JAKARTA – Komisi Pemberantasan Korupsi (KPK) menetapkan dua orang sebagai tersangka terkait dugaan korupsi pengadaan pekerjaan jasa konsultasi di Perum Jasa Tirta II tahun 2017.
Juru Bicara KPK, Febri Diansyah mengatakan, kedua tersangka yakni masing-masing Direktur Utama (Dirut) Perum Jasa Tirta II, Djoko Saputro dan seorang pihak swasta bernama Andririni Yaktiningsasi.
”Terkait hal tersebut, KPK meningkatkan status penanganan perkara ke penyidikan dan menetapkan dua orang sebagai tersangka,” ujar Febri dalam jumpa pers di Gedung Merah Putih KPK, Kuningan, Jakarta Selatan, kemarin (7/12).
KPK menduga, Djoko telah menyalahgunakan jabatannya dalam pengadaan pekerjaan jasa konsultasi di Perum Jasa Tirta II tahun 2017. Bentuk penyalahgunaan itu berupa perintah untuk merevisi anggaran perusahaan. Revisi itu dilakukan dengan menambah anggaran pada pekerjaan pengembangan SDM dan strategi korporat yang semula Rp 2,8 miliar menjadi Rp 9,55 miliar.
”Secara rinci anggaran itu untuk perencanaan strategis korporat dan proses bisnis senilai Rp 3,820 miliar serta pengembangan SDM Perum Jasa Tirta II sebagai antisipasi pengembangan usaha perusahaan senilai Rp 5,730 miliar,” papar Febri.
Febri menambahkan, pengubahan tersebut diduga dilakukan tidak sesuai dengan aturan yang berlaku, seperti misalnya meminta usulan dari unit perusahaan lain.
Djoko kemudian diduga memerintahkan pelaksanaan kedua kegiatan itu kepada Andririni. Dalam pelaksanaannya, Andririni menggunakan bendera perusahaan PT Bandung Management Economic Center (BMEC) dan PT 2001 Pangripta.

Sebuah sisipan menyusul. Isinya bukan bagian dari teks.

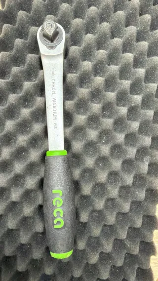Chiave a cricchetto con manico ergonomico e dettagli in verde. - Manico in gomma nera. - Meccanismo a cricchetto. - Dettaglio color verde sul manico e sulla testa.

Hingga 31 Desember 2017, realisasi penerimaan pembayaran kegiataan tersebut baru dikucurkan senilai Rp5.564.413.800. Secara rinci, Rp2.204.155.800 bagi perencanaan strategis korporat dan proses bisnis, serta Rp3.360.258.000 untuk pengembangan SDM Perum Jasa Tirta II sebagai antisipasi pengembangan usaha perusahaan.
Selain itu, KPK juga menduga nama-nama para ahli yang tercantum dalam kontrak PT BMEC dan PT 2001 Pangaripta dimasukkan tanpa izin. Hal ini dilakukan sebagai formalitas demi memenuhi administrasi lelang. Lelang tersebut diduga dilaksanakan secara rekayasa dengan penanggalan mundur (backdated).
Perbuatan ini, kata Febri, mengakibatkan kerugian terhadap keuangan negara sedikitnya Rp3,6 miliar. Angka tersebut ditilik dari keuntungan yang diterima Andririni atau sekitar 66% dari total dana yang dibayarkan.